To prevent unnecessary spinal surgery resulting from overtreatment, systematic prediction of treatment outcomes is necessary, including scientific diagnosis, scientific effect analysis, and analysis of spinal rehabilitation exercises. Computer simulations have been utilized in biomechanical research for the past three decades. Today, advances in computer hardware and software are bringing continually increasing simulation accuracy. We have been developing e-Spine which is composed of a spine database (DB) and a simulation environment for running a computer simulation model of human spines created by mathematically calculating images, geometries, and properties of human spines and will allow virtual testing without using a real human spine. For this, the high quality spine data and a surface mesh intersection algorithm are essential for realizing e-Spine (The proposed intersection algorithm is applicable to a triangular surface mesh. In this paper, the surface mesh means the triangular surface mesh). In virtual surgery with an implant, surgeons or biomechanics researchers select the desired model from the spine DB and try to merge the spine model with an implant model as a virtual case. At this point, the two models of the spine and implant are automatically merged by means of the surface mesh merging functionality. With the merged model, they run the computer simulation and analyze the simulation result. To build the spine database (DB) for e-Spine, we have produced and collected many images, geometry, and property data of spines from the Korean cadavers and patients with normal spine or degenerative spinal diseases [5, 6]. For automatic mesh merging functionality, we implement the surface mesh intersection algorithm used in the procedure of remeshing the spine-implant intersection model for finite element analysis (FEA). This makes it possible to run the FEA using the spine-implant mesh model without any manual effort.
In this paper, we present our spine database and surface mesh intersection algorithm in detail. The rest of the paper is organized as follows. Section 2 explores e-Spine. Section 3 explains the Korean spine database obtained from cadavers and patients with degenerative spinal diseases. Section 4 describes our surface mesh intersection algorithm on the Korean spine data. Section 5 shows our experimental results. Finally, Section 6 presents the conclusion.

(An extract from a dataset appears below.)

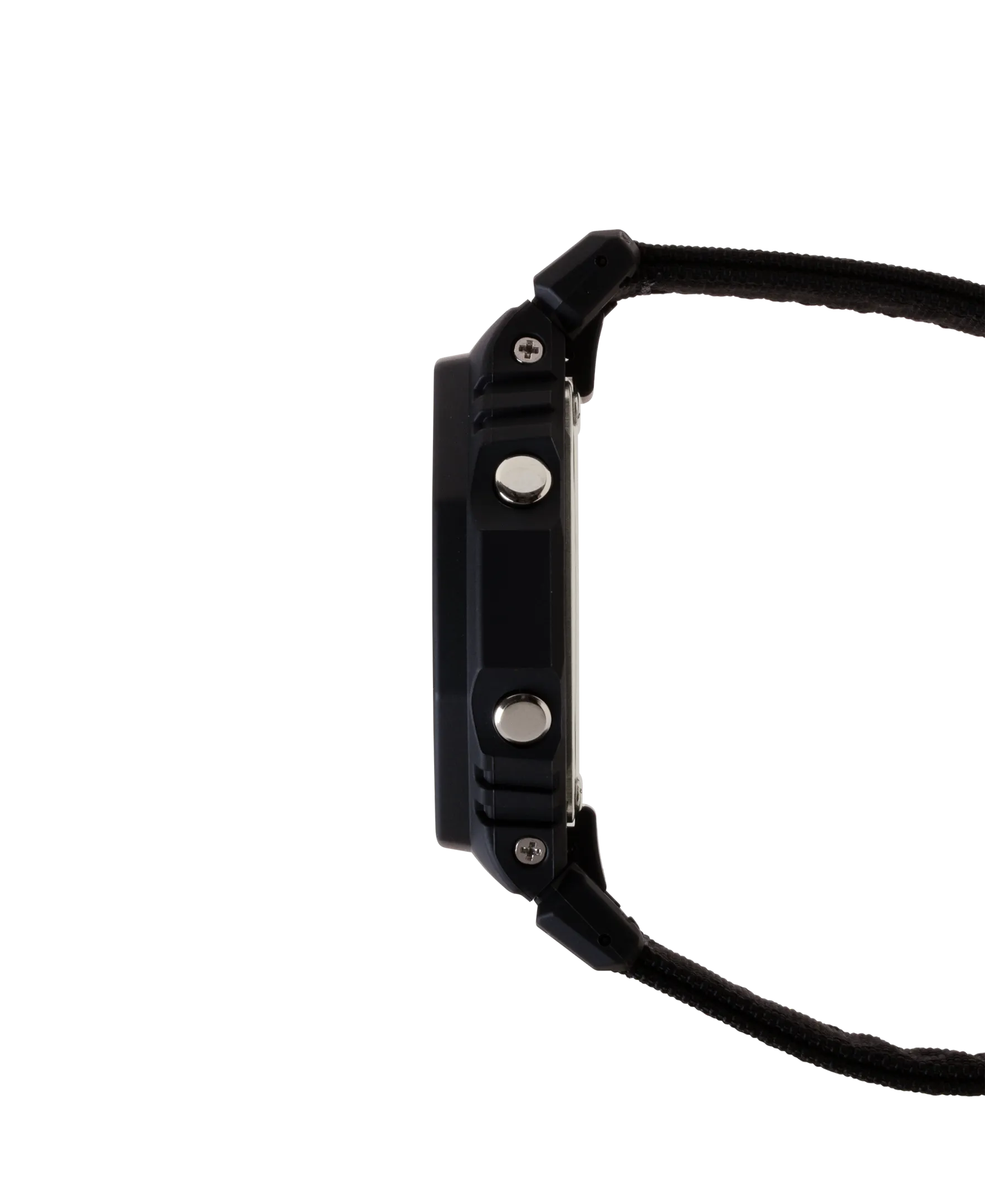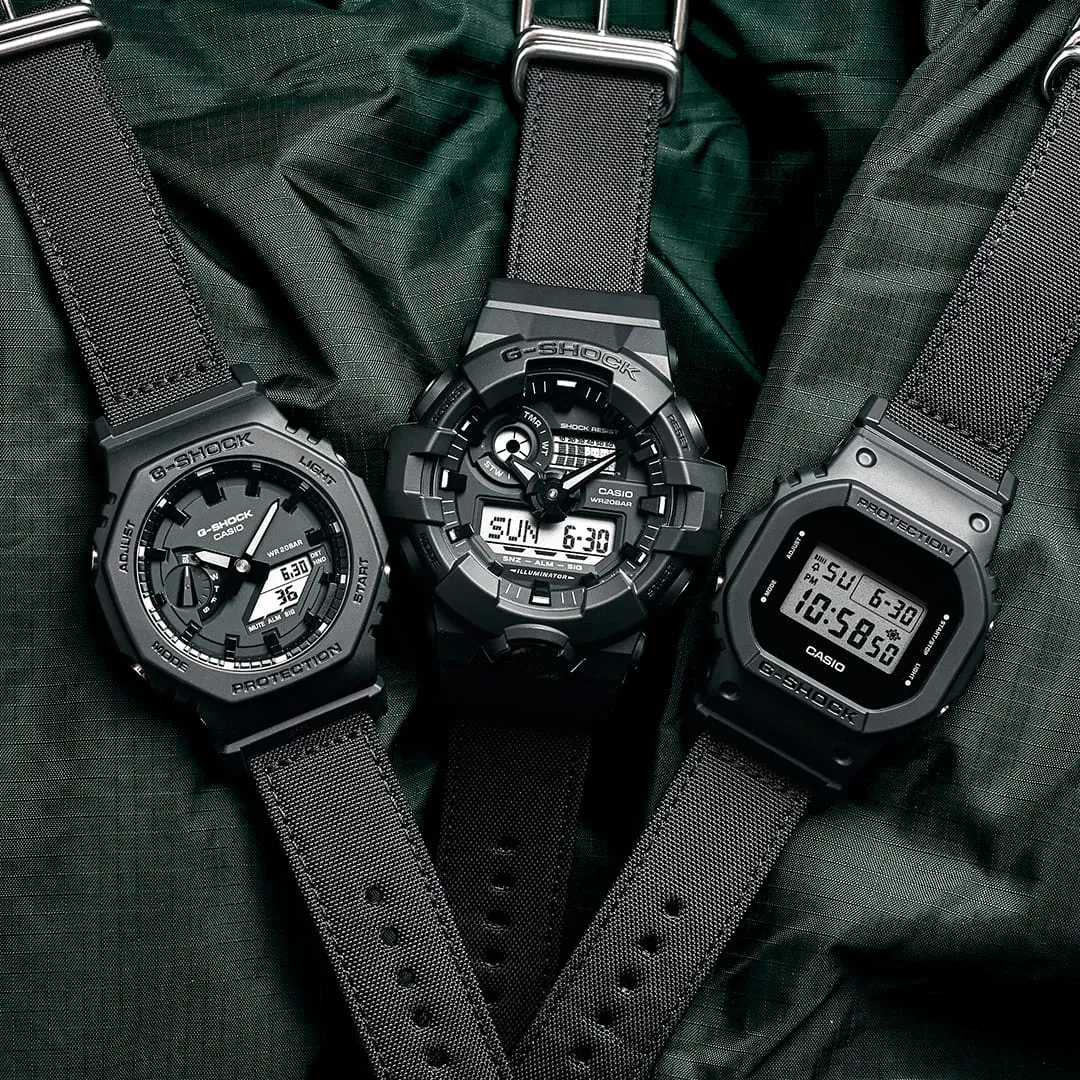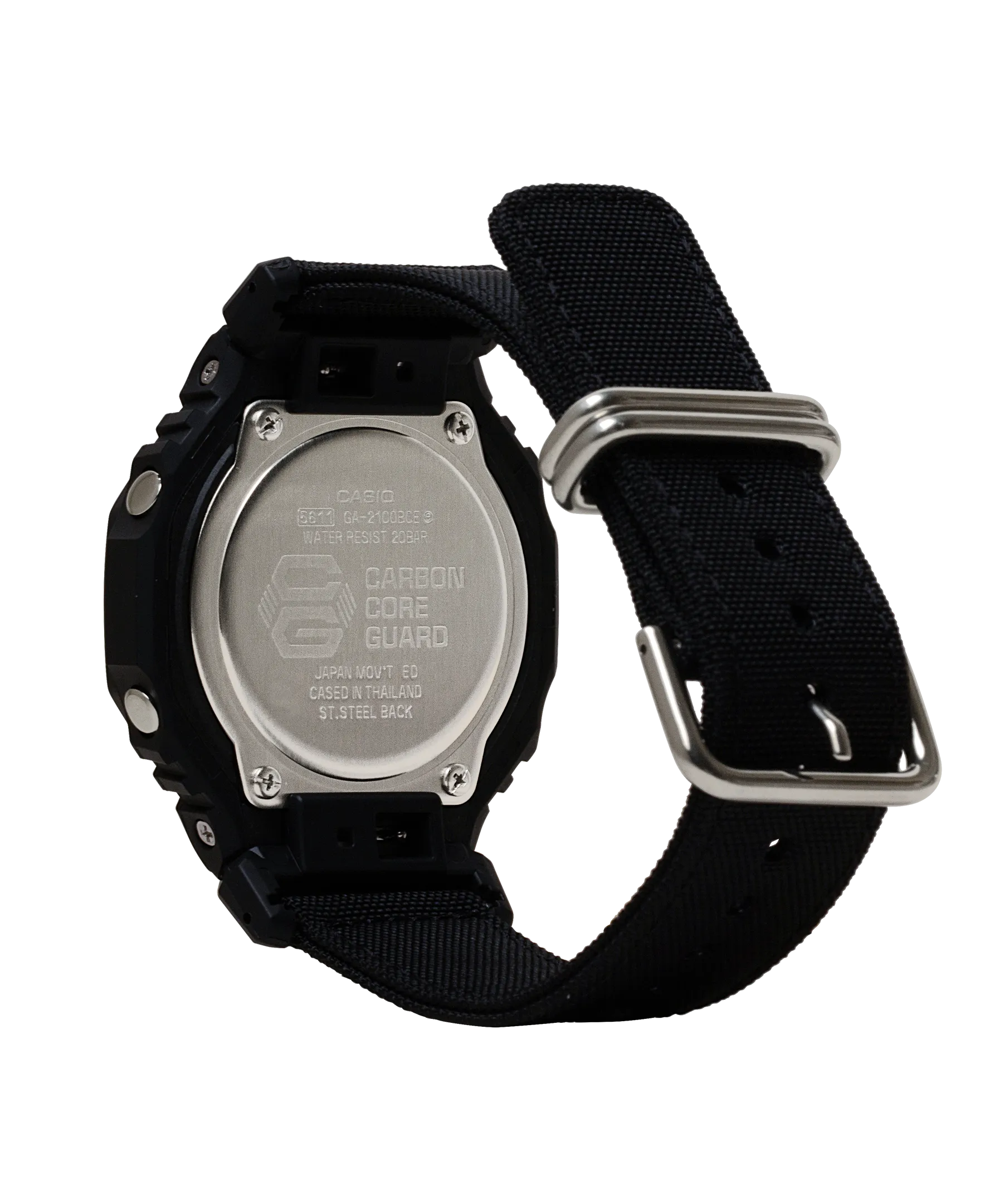 سری GA-2100 با بزل هشتضلعی معروف خود، یکی از محبوبترین و پرفروشترین خانوادههای جیشاک محسوب میشود. این سری با حفظ DNA اصلی G-SHOCK یعنی مقاومت بالا، وزن سبک و طراحی مینیمال، توانسته مخاطبان زیادی را جذب کند. مدل GA-2100BCE-1ADR در همین چارچوب طراحی شده اما با اضافه شدن بند پارچهای و ظاهر کاملاً مشکی، حس کاربردیتر و مدرنتری به خود گرفته است.

e-Spine is a computer-run simulation model created by mathematically modeling collected human spinal image data, which allows virtual testing without using a real spine. Figure 2 shows a comparison with a vehicle’s navigation system. For optimal and safe driving, a navigation system collects map information, models a map, and predicts a route. Similarly, for optimal treatment, e-Spine collects spine images, models 3D spine models, and predicts virtual testing and results. The expected effect of e-Spine is as follows:(i)acquisition of reliable, economical, advanced IT-based medical support technologies that can be used in the diagnosis and treatment of degenerative spinal diseases;(ii)strengthened market competitiveness for Korea’s medical equipment industry through the utilization of e-Spine;(iii)reduction of medical expenses and improving the quality of life during old age by making available reliable, affordable IT-based medical technologies.
3. Korean Spine Database
3.1. Spine Sample Selection
There are distinct differences, such as facial features, skin color, and hair, between the human races. Differences in the organs of the body are also evident. Generally, spine data obtained from hospitals are only CT, MRI, or X-ray, which focus on particular parts of the spine with degenerative diseases. The data are only available for diagnosing spinal diseases. Therefore, to construct e-Spine and support the Korean spine research, we constructed the Korean spine data for degenerative spinal diseases. Figure 3 shows the process of the Korean spine database construction. The metadata and schema of our Korean spine database are accepted as a standard from Telecommunications Technology Association and are discussed in detail in . To date, we have collected spine data from 77 cadavers and 298 patients. Among the leading causes of hospitalization for ages 65 and older, spinal diseases ranked number 2 next to cataracts. Therefore, most of the data were obtained from aged cadavers and patients over 50 but some were gathered from younger patients because even young people occasionally suffer from degenerative diseases of their vertebras.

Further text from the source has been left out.